WHAT TO WORK ON
From the records that follow, return exactly the lines beginning at the one that contains "Imagine a world" and ending at the one that contains "3月15日,在2026曲靖罗平花海马拉松上,中泰双方代表交换礼物。新华社记者 陈欣波 摄", pictures left out.

MATERIAL SHOWN
↓↓↓
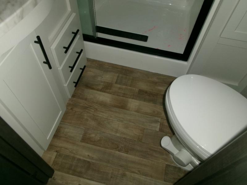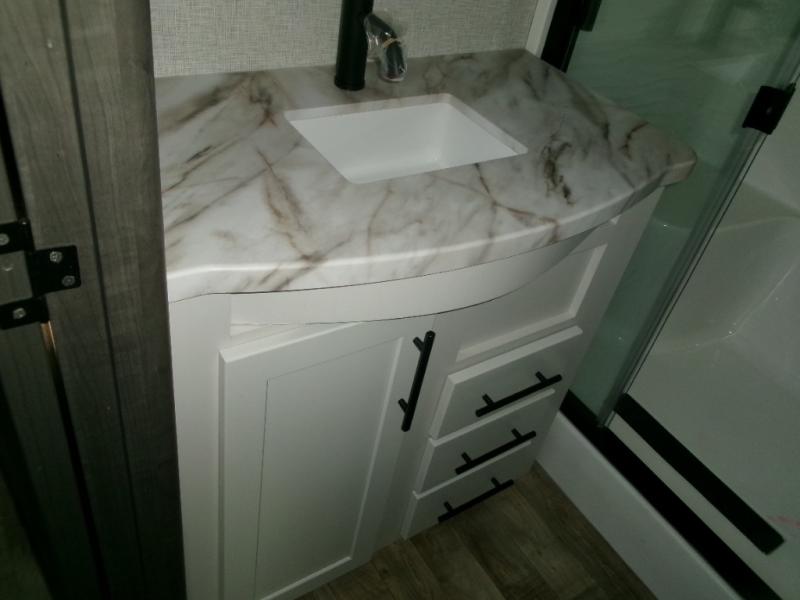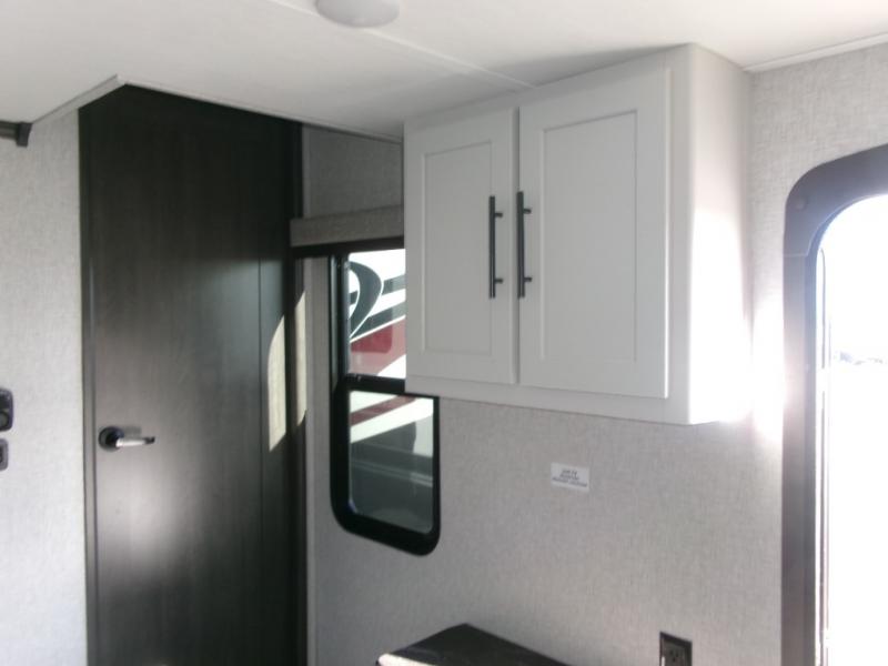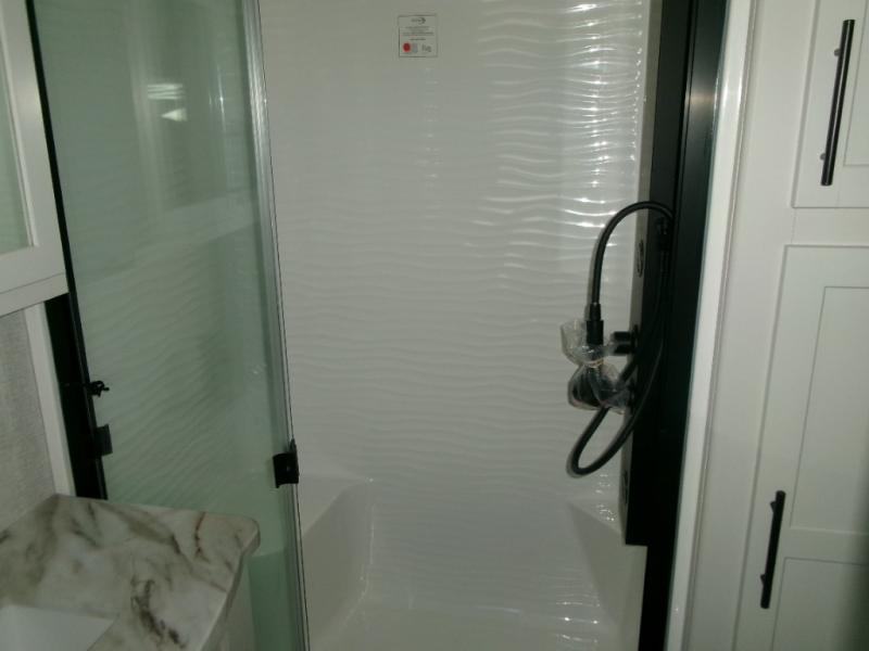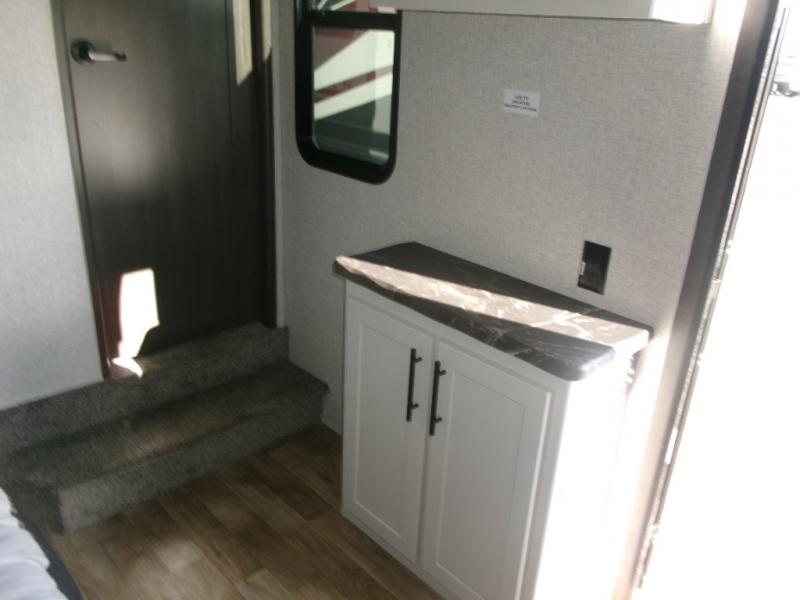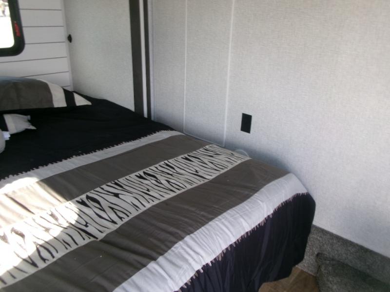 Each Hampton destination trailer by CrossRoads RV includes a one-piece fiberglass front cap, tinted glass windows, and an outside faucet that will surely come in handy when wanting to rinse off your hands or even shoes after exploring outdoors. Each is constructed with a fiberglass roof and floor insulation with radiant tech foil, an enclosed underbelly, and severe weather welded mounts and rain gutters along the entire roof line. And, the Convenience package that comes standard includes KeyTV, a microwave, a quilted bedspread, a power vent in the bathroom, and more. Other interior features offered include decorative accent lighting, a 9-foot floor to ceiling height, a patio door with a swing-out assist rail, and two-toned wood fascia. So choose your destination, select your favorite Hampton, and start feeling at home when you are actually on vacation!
↑↑↑
↓↓↓
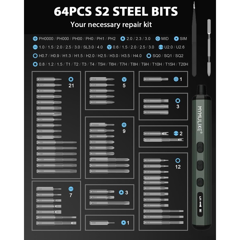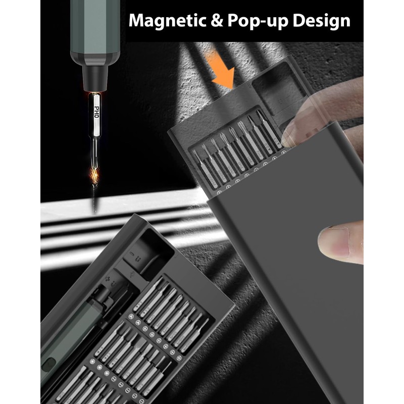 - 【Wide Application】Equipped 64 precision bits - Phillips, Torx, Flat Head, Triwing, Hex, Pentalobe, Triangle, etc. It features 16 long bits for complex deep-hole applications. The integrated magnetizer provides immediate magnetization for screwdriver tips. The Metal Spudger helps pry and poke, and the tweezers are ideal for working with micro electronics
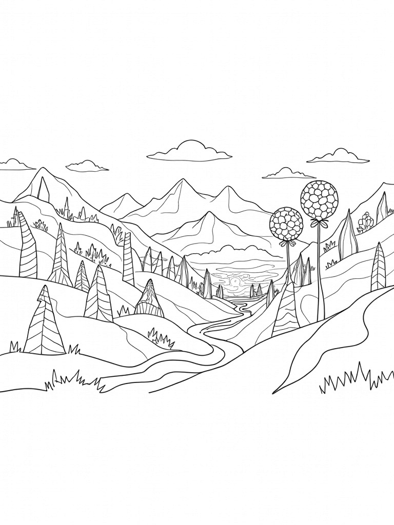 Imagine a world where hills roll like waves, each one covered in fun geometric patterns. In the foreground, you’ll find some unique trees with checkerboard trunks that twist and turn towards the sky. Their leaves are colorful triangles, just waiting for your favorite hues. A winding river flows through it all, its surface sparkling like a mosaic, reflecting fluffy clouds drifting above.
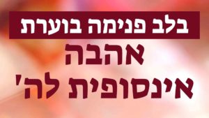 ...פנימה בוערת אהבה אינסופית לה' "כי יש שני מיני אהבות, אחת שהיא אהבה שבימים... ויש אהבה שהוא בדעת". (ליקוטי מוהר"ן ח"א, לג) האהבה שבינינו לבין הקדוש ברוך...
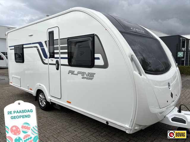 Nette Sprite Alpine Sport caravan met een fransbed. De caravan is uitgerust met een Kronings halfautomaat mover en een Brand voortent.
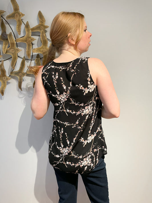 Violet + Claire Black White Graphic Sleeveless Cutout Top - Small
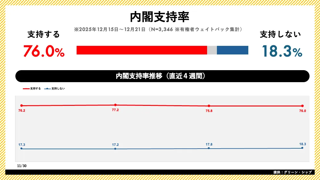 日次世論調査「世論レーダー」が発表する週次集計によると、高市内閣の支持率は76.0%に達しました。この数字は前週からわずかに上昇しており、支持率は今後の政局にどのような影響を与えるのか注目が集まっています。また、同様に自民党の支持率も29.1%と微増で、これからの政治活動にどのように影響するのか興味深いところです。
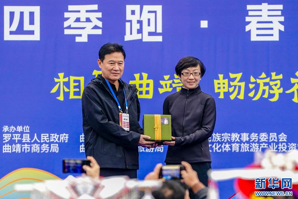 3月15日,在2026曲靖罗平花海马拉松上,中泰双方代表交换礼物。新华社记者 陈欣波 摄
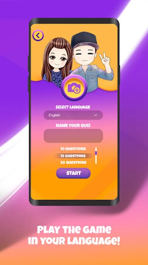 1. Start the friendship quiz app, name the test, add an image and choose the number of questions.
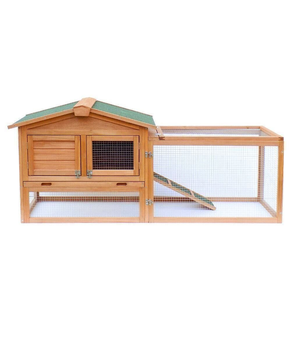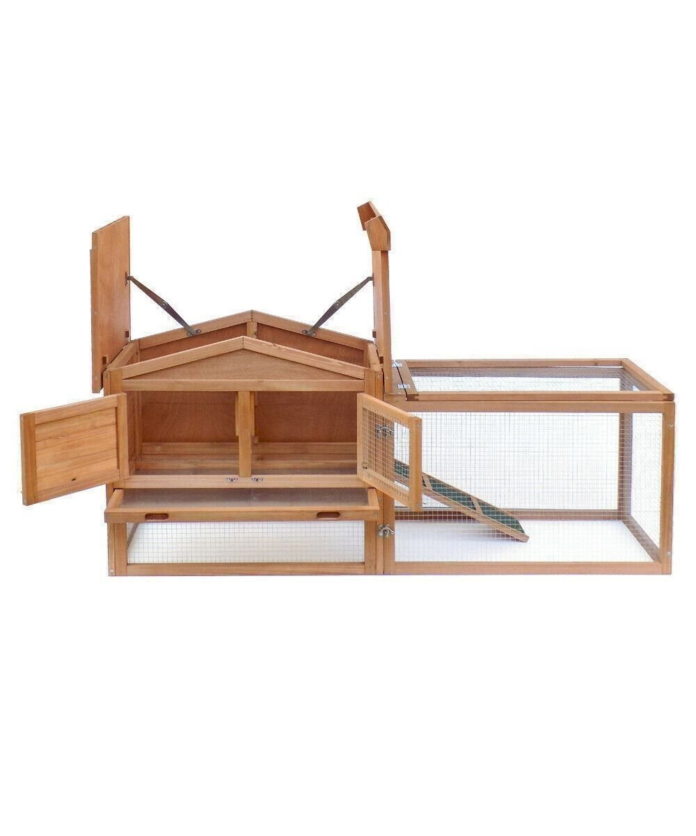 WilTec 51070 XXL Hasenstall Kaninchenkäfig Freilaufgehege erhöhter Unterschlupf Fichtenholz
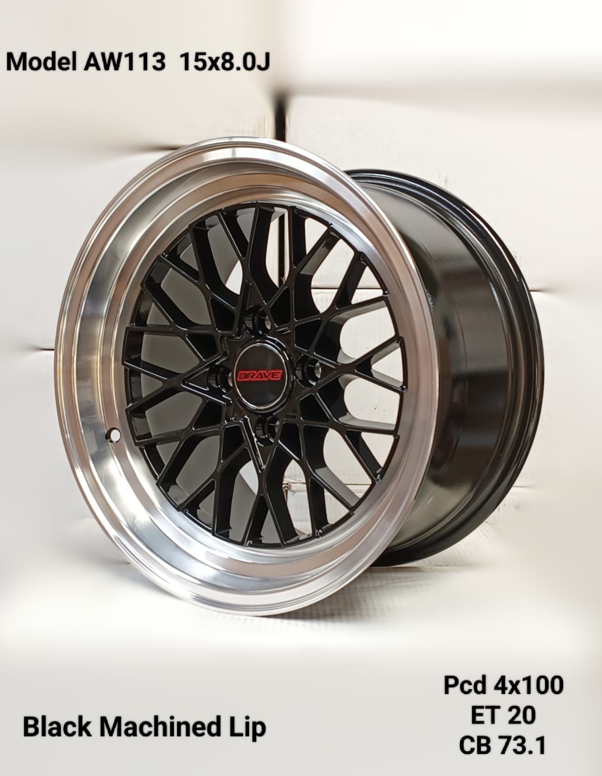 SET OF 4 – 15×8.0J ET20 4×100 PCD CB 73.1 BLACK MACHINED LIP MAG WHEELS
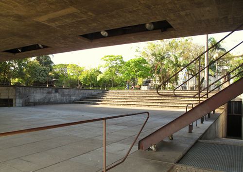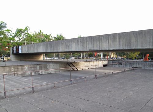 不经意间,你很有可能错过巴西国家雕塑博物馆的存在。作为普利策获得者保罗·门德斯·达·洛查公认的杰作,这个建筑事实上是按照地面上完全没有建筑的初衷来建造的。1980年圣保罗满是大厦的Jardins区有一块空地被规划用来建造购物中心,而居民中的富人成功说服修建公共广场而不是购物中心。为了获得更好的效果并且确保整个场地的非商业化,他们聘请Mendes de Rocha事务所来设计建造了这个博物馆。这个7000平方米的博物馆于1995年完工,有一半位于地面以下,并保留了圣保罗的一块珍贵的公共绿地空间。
↑↑↑
RESPONSE FOR THIS EXERCISE
 Imagine a world where hills roll like waves, each one covered in fun geometric patterns. In the foreground, you’ll find some unique trees with checkerboard trunks that twist and turn towards the sky. Their leaves are colorful triangles, just waiting for your favorite hues. A winding river flows through it all, its surface sparkling like a mosaic, reflecting fluffy clouds drifting above.
 ...פנימה בוערת אהבה אינסופית לה' "כי יש שני מיני אהבות, אחת שהיא אהבה שבימים... ויש אהבה שהוא בדעת". (ליקוטי מוהר"ן ח"א, לג) האהבה שבינינו לבין הקדוש ברוך...
 Nette Sprite Alpine Sport caravan met een fransbed. De caravan is uitgerust met een Kronings halfautomaat mover en een Brand voortent.
 Violet + Claire Black White Graphic Sleeveless Cutout Top - Small
 日次世論調査「世論レーダー」が発表する週次集計によると、高市内閣の支持率は76.0%に達しました。この数字は前週からわずかに上昇しており、支持率は今後の政局にどのような影響を与えるのか注目が集まっています。また、同様に自民党の支持率も29.1%と微増で、これからの政治活動にどのように影響するのか興味深いところです。
 3月15日,在2026曲靖罗平花海马拉松上,中泰双方代表交换礼物。新华社记者 陈欣波 摄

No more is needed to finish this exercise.